Running Jobs on the WebHCat Server

REST Calls in WebHCat

The base URI for REST calls in WebHCat is http://<host>:<port>/templeton/v1/. The following table lists elements appended to the base URI and DDL commands.

URI

Description

Server Information

 

/status

Shows WebHCat server status.

/version

Shows WebHCat server version.

DDL Commands

 

/ddl/database

List existing databases.

/ddl/database/<mydatabase>

Shows properties for the database named mydatabase.

/ddl/database/<mydatabase>/table

Shows tables in the database named mydatabase.

/ddl/database/<mydatabase>/table/<mytable>

Shows the table definition for the table named mytable in the database named mydatabase.

/ddl/database/<mydatabase>/table/<mytable>/property

Shows the table properties for the table named mytable in the database named mydatabase.

Launching a MapReduce Job with WebHCat

WebHCat launches two jobs for each MapReduce job. The first job, TempletonControllerJob, has one map task. The map task launches the actual job from the REST API call. Check the status of both jobs and the output directory contents.
  1. Copy the MapReduce example job to the MapRFS layer:
    hadoop fs -put /opt/mapr/hadoop/hadoop-<version>/hadoop-<version>-dev-examples.jar /user/mapr/webhcat/examples.jar
  2. Use the curl utility to launch the job:
    curl -s -d jar=examples.jar -d class="terasort" -d arg=teragen.test -d arg=whop3 'http://localhost:50111/templeton/v1/mapreduce/jar?user.name=<username>'

Launching a Streaming MapReduce Job with WebHCat

  1. Use the curl utility to launch the job:
    curl -s -d arg=teragen.test -d output=mycounts -d mapper=/bin/cat -d reducer="/usr/bin/wc -w" 'http://localhost:50111/templeton/v1/mapreduce/streaming?user.name=<username>'
  2. Check the job status for both WebHCat jobs at the jobtracker page in the MCS.

Launching a Pig Job with WebHCat

  1. Copy a data file into MapRFS:
    hadoop fs -put $HIVE_HOME/examples/files/kv1.txt /user/<user name>/
  2. Create a test.pig file with the following contents:
    A = LOAD 'kv1.txt' using PigStorage('\u0001') AS(key:INT, value:chararray); 
    STORE A INTO 'pig.output'; 
  3. Copy the test.pig file into MapR-FS:
    hadoop fs -put test.pig /user/<user name>/
  4. Run the Pig REST API command:
    curl -s -d file=test1.pig -d arg=-v 'http://localhost:50111/templeton/v1/pig?user.name=<username>'
  5. Monitor the contents of the pig.output directory.
  6. Check the JobTracker page for two jobs: TempletonControllerJob and PigLatin.

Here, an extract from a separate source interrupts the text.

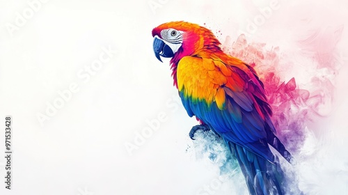 © Rere_Art151, Obraz premium A Colorful Scarlet Macaw Parrot with Vibrant Feathers

Launching a Hive Job with WebHCat

  1. Create a table:
    curl -s -d execute="create+external+table+ext3(t+TIMESTAMP)+location /user/<user name>/ext3'" 'http://localhost:50111/templeton/v1/hive?user.name=<username>'
  2. Load data into the table:
    curl -s -d execute="insert+overwrite+table+ext3+select+*+from+datetable" 'http://localhost:50111/templeton/v1/hive?user.name=<username>'
  3. List the tables:
    curl -s -d execute="show+tables" -d statusdir='hive.output' 'http://localhost:50111/templeton/v1/hive?user.name=<username>'

    The list of tables is in hive.output/stdout.

The Job Queue

To show HCatalog jobs for a particular user, navigate to the following address:

http://<hostname>:<port>/templeton/v1/queue/?user.name=<username>

The default port for HCatalog is 50111.

Warning:

A known HCatalog bug exists that fetches information for any valid job instead of checking that the job is an HCatalog job or was started by the specified user.